In conformity with the standards set out by the United States Supreme Court, we will not rule on the motion to withdraw until we have independently examined the record. Nichols v. State, 954 S.W.2d 83, 86 (Tex.App.--San Antonio 1997, no pet.). If this court determines the appeal has merit, we will remand it to the trial court for appointment of new counsel. See Stafford v. State, 813 S.W.2d 503, 511 (Tex.Crim.App. 1991).

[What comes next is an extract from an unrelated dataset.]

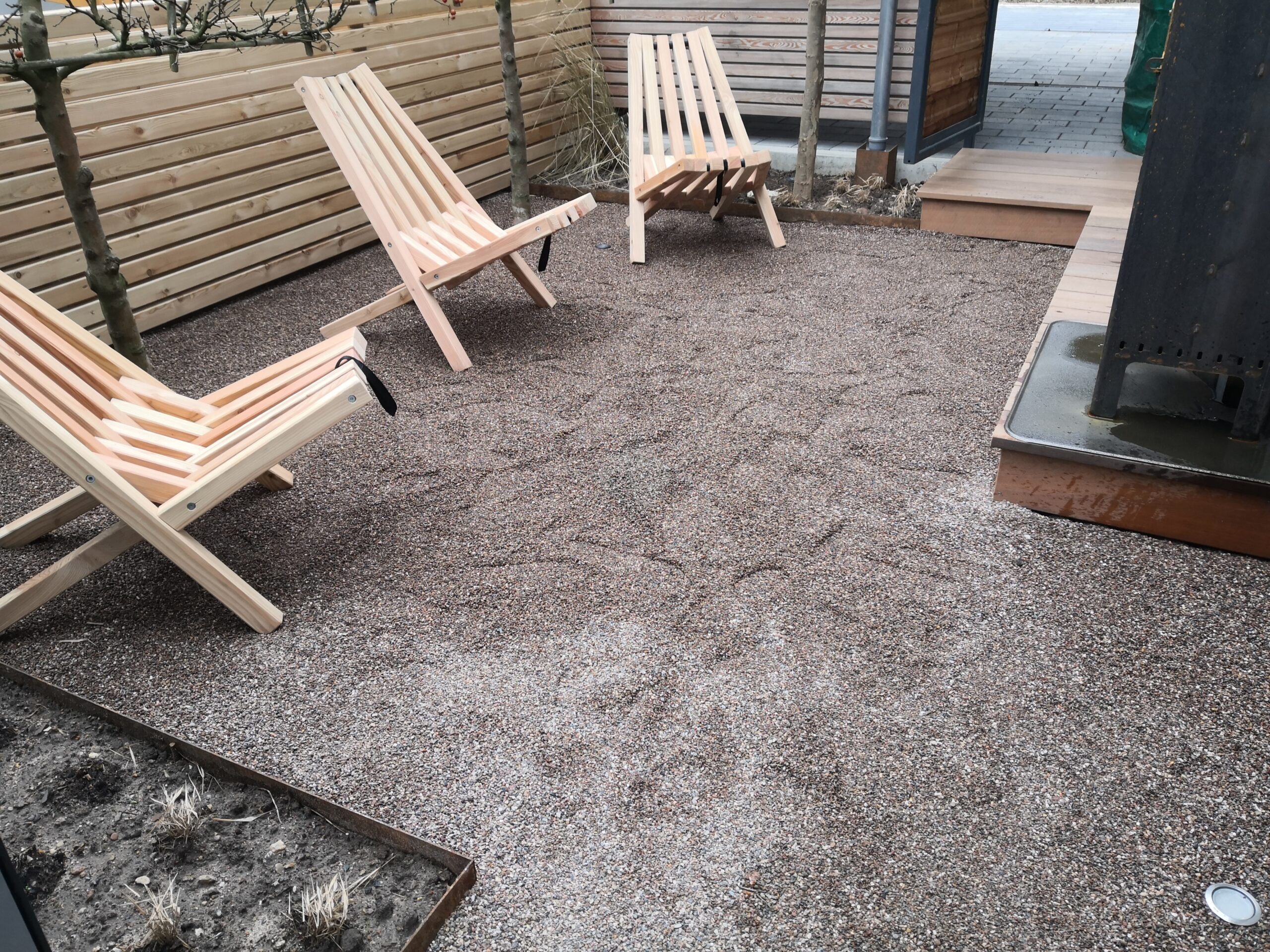 Gestalteter Sitzbereich mit Kiesfläche und Holzsichtschutz als Teil eines Garten- und Landschaftsbauprojekts in Bad Segeberg.

Appellate review of a revocation order is limited to determining whether the trial court abused its discretion. Cardona v. State, 665 S.W.2d 492, 493 (Tex.Crim.App. 1984); Jackson v. State, 645 S.W.2d 303, 305 (Tex.Crim.App. 1983). The trial court abuses its discretion in revoking community supervision if the State fails to meet its burden of proof. Cardona, 665 S.W.2d at 494.
In a revocation proceeding, the State must prove by a preponderance of the evidence that appellant violated a condition of community supervision as alleged in the motion to revoke. Cobb v. State, 851 S.W.2d 871, 874 (Tex.Crim.App. 1993). The trial judge in such a proceeding is the sole trier of the facts. Taylor v. State, 604 S.W.2d 175, 179 (Tex.Crim.App. 1980). A defendant's plea of true to an alleged violation, standing alone, is sufficient to support the revocation. Moses v. State, 590 S.W.2d 469, 470 (Tex.Crim.App. 1979).
Appellant's pleas of true to three alleged violations of the conditions of his community supervision and the stipulation of evidence amply support the court's judgment and there is nothing in the record to suggest that appellant was incompetent or that his pleas and stipulation were not made knowingly, voluntarily or intelligently.